The study explored operating department nurses’ knowledge of Natural Rubber Latex (NRL) allergies, and the management of patients at risk of, and with NRL allergies within the operating department.

This research project was undertaken as the final part of a Masters in Nursing degree programme, undertaken with the RCN, London. The study explored operating department nurses’ knowledge of Natural Rubber Latex (NRL) allergies, and the management of patients at risk of, and with NRL allergies within the operating department. The quantitative research approach was adopted for this study, and a simple random sampling approach was taken in selecting 50% (n=466) of the population of operating department nurses, from the mailing list maintained by the Irish Nurses Organisation (INO), for inclusion in this study. A response rate of 68% (N=312) was achieved. A questionnaire was designed for this study. The aim of the questionnaire was to measure operating department nurses’ knowledge of NRL allergies, and the management of patients at risk of, and with such allergies within the operating department. In addition to exploring this knowledge, demographic data was also collected within the questionnaire, which made it possible to explore whether knowledge levels within the domain of NRL had been affected by the demographic characteristics such as level of qualification and attendance at NRL educational sessions, amongst participants. 

Profile of Participants

Analysis of the questionnaire showed that at the time of the study, 30% of participants held nurse manager positions; 25% of these were at CNM I or II level, with 5% being at CNM III or above. 63% of participants were employed at staff nurse grade. The remainder were not working as operating department nurses at the time of the study. 

26% of participants were found to have sufficient knowledge to enable them to safely manage the care of a patient who has a known NRL allergy, in the operating department, once appropriate guidelines/guidance were available to support practice. Just 9% of participants were identified as being capable of identifying patients at risk of NRL allergy and of providing independent care (no guidelines/guidance required), to those requiring NRL safe precautions within the operating department.

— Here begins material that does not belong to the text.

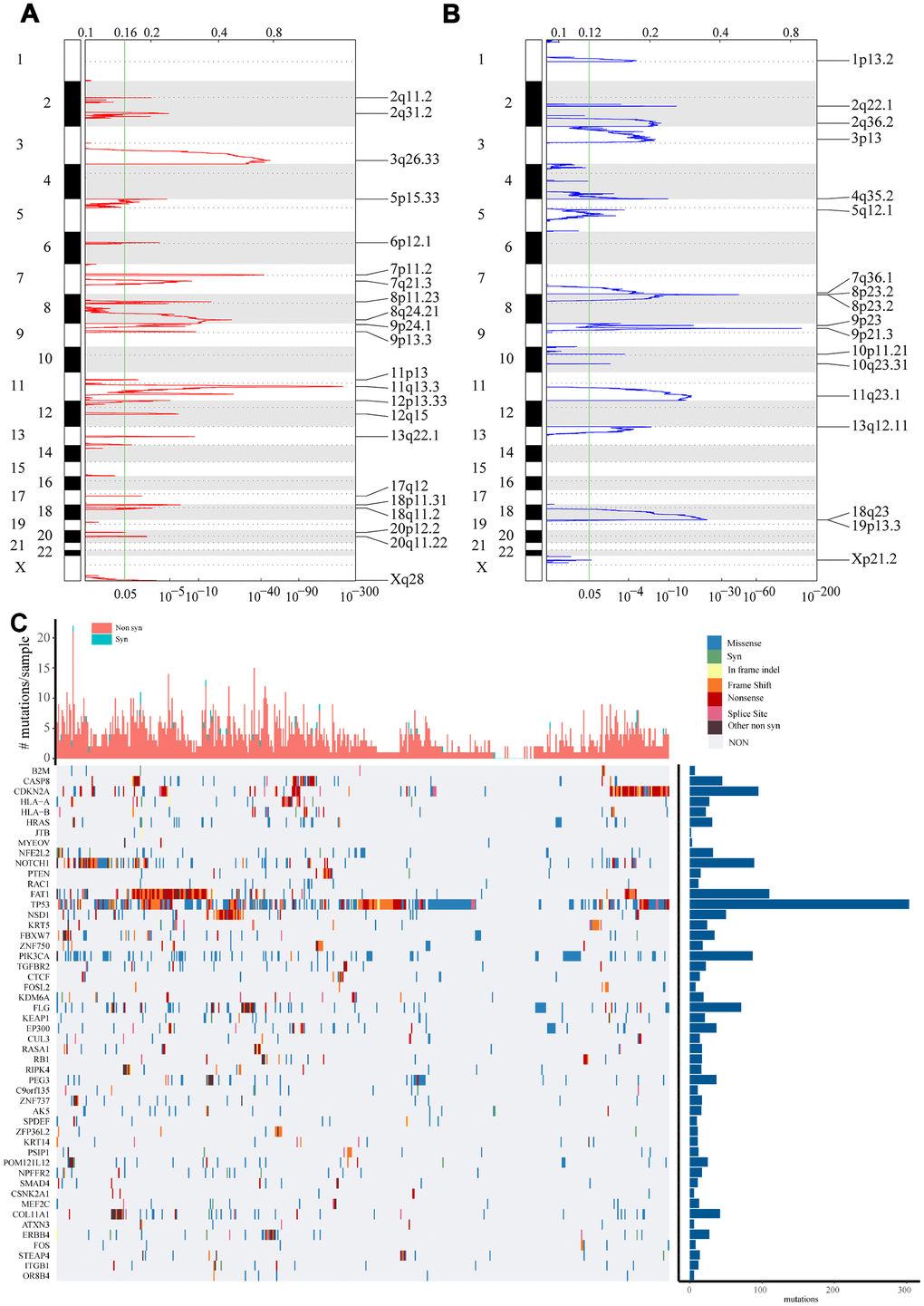 We used Mutsig 2.0 software with TCGA mutation data to identify genes with significant mutations in their MAF files. The threshold used was P < 0.05.

As registered nurses, we have a responsibility to provide a safe environment for patients in our care. Having the ability to identify at risk patients is therefore fundamental to being able to provide a NRL safe environment for these patients. Operating department nurses must be able to consistently and accurately identify those exhibiting signs and symptoms of NRL allergic reactions and those at risk of same, to ensure patients are not being put at unnecessary risk while in our care. With just 9% of participants being capable of mounting the appropriate response at the appropriate time, there is little cause for optimism that this will occur.

The evidence from this study, suggests that amongst participants, the most effective way of increasing knowledge relating to NRL allergy, related to attendance at NRL allergy educational programmes. In addition to this, knowledge was shown to increase accordingly with time spent attending such programmes. This is in keeping with other studies exploring knowledge within the domain of NRL. (Kleinbeck et al., 1998; Lewis et al., 1998; Rhodes, 2000).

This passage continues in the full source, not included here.